Recent survey activity undertaken by the British Medical Association and the 2021 NHS Staff Survey reported concerning levels of threatening behaviour, violence or verbal abuse to doctors, nursing staff, receptionists, and healthcare assistants. It is also suggested that these instances of negative behaviour have been increasing since the COVID-19 pandemic.
This concerning data indicated a continuing need for initiatives to help ensure staff feel as though they have the skills and techniques needed to handle these increasingly difficult situations with compassion and look after their own wellbeing. NHS England commissioned escalla to design, develop and deliver a training initiative that would meet this need.

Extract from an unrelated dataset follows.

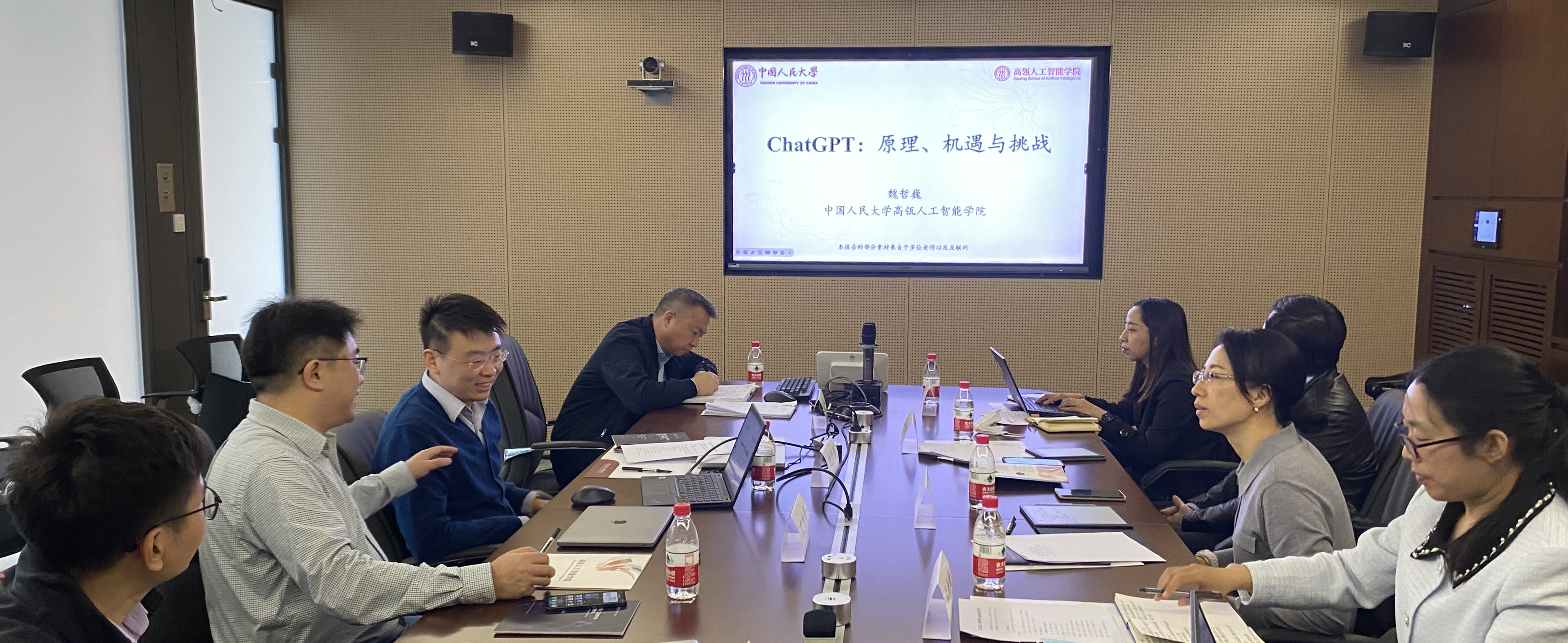 3月14日上午,北京市科委、中关村管委会信息科技处处长唐超、北京信息科技发展中心主任李顺超一行到人大7M体育即时比分 调研,考察并听取学院基本发展情况,并就ChatGPT及相关技术进行专题交流研讨。7M体育即时比分 执行院长文继荣出席并主持会议。文化科技园总经理白连永、7M体育即时比分 副院长张国富、教授魏哲巍、长聘副教授孙浩及博士后李铭轩参加座谈。

Following an extensive consultation period with staff across the NHS and the National Health and Wellbeing Team at NHS E&I, escalla designed a comprehensive training initiative intended to positively contribute to the creation and maintenance of a compassionate and inclusive culture between colleagues and with patients. This initiative, aimed at supporting patient-facing primary and secondary care staff across NHS England, trained more than 2400 individuals in diverse topics such as levels of listening, emotional intelligence, and compassion fatigue.
Meeting the Challenge
Each training session, tailored to the distinct operational requirements of the NHS in timing and format of delivery, was designed to equip participants with the practical skills and confidence to handle challenging conversations with compassion.
Practicality and the relevance of training materials to a participant’s everyday role were at the centre of the Compassionate Conversations training, informing training content and the delivery methods used. A core component of this training initiative was skills practice, with several exercises in each training session dedicated to participants increasing their competence and confidence in handling difficult conversations with compassion.
Skills practice sessions were tailored to the situations and challenges shared with escalla by NHS staff in the consultation period of the process. Facilitated by expert trainers from escalla, in-event activities allowed participants to explore different responses, skills and tactics that would help them in their daily working lives. When asked to rate how useful these activities were, more than 93% of participants were satisfied or very satisfied that the skills and tactics discussed would be useful to them when they returned to work.
Participant wellbeing was another focus of this initiative. Training materials were designed to support participants in looking after their own wellbeing, the wellbeing of their colleagues, and in developing a broader understanding of the support available to them. After attending the training, participants reported an average confidence level of 8.7 out of 10 in understanding their own mental health and wellbeing after their session. They also reported a slightly higher score of 8.8 out of 10 in knowing how to better support their colleagues with mental health or wellbeing concerns.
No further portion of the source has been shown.